-- Opening Marker --
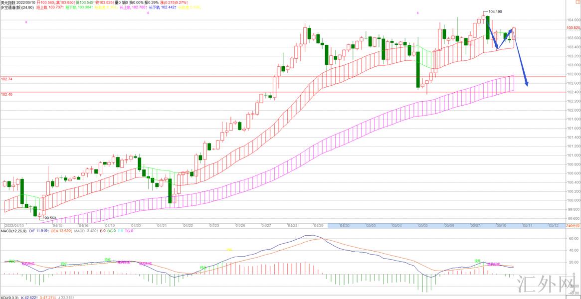 美元这里,需求关注以下通道支撑区间这里102.7-102.5这里。
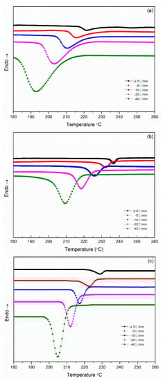 3.3. Nonisothermal Crystallization Behaviors
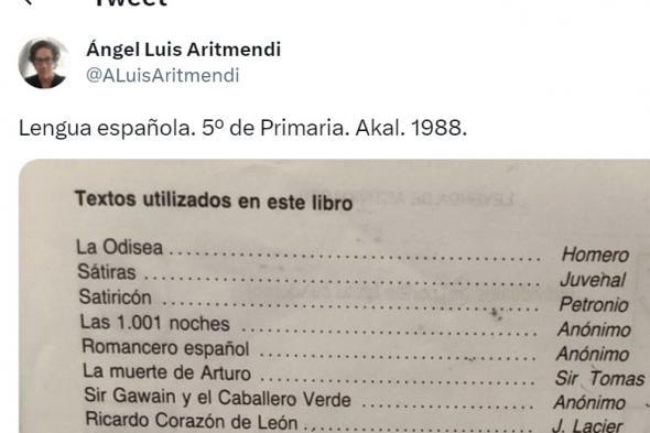"Lengua española. 5º de Primaria. Akal. 1988", ha escrito en redes sociales, junto a una imagen en la que mostraba los textos que se habían usado en el libro mencionado.
-- Closing Marker --
> _What is required_: Please reproduce each line of the listing above exactly, skipping pictures.

> _Answer for the task_:
 美元这里,需求关注以下通道支撑区间这里102.7-102.5这里。
 3.3. Nonisothermal Crystallization Behaviors
"Lengua española. 5º de Primaria. Akal. 1988", ha escrito en redes sociales, junto a una imagen en la que mostraba los textos que se habían usado en el libro mencionado.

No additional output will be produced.